Our aim was to identify novel PSA peptides capable of eliciting specific cytotoxic T-cell responses.


Candidate peptides were identified on the basis of the following criteria: 1) they contained consensus amino acid motifs for binding to HLA-A2, which is the most common type of class I molecule; 2) they lacked strong homology with PSA-related kallikrein proteins; and 3) they were capable of stabilizing HLA-A2 class I molecules on the surface of human T2 (transport deletion mutant) cells, which are defective in antigen presentation. T-cell lines capable of killing (i.e., lysing) T2 target cells that had been pulsed with specific PSA peptides were generated from three different males (two disease-free individuals and one patient with prostate cancer) by incubating peripheral blood mononuclear cells with the peptides and interleukin 2. Specific cell lysis was monitored by the release of radioactivity from target cells that had been labeled with [111In]oxyquinoline.

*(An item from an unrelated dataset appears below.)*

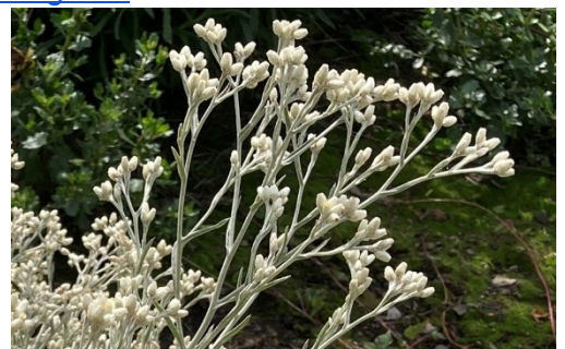
Pseudognaphalium californicum - California everlasting

Two novel PSA peptides capable of eliciting cytotoxic T-cell responses were identified; these peptides were designated PSA-1 (amino acids 41-150) and PSA-3 (amino acids 154-163). Four different cytotoxic T-cell lines were generated in response to these peptides-three against PSA-3 and one against PSA-1. Specific lysis of peptide-pulsed T2 cells by the T-cell lines was blocked by the addition of a monoclonal antibody directed against class I molecules. The T-cell lines were also capable of lysing PSA-positive, HLA-A2-positive LNCaP cells (human prostate carcinoma cells). The specificity of LNCaP cell lysis was shown by the following: 1) the inability of added human K562 (chronic myelogenous leukemia) cells to inhibit it, 2) the ability of added anti-HLA-A2 antibodies to block it, and 3) the inability of the T-cell lines to induce substantial lysis of PSA-negative, HLA-A2-positive human cancer cells.


Our studies form a rational basis for the use of PSA peptides or recombinant vectors encoding PSA in the development of anticancer vaccine immunotherapy protocols for patients with prostate cancer.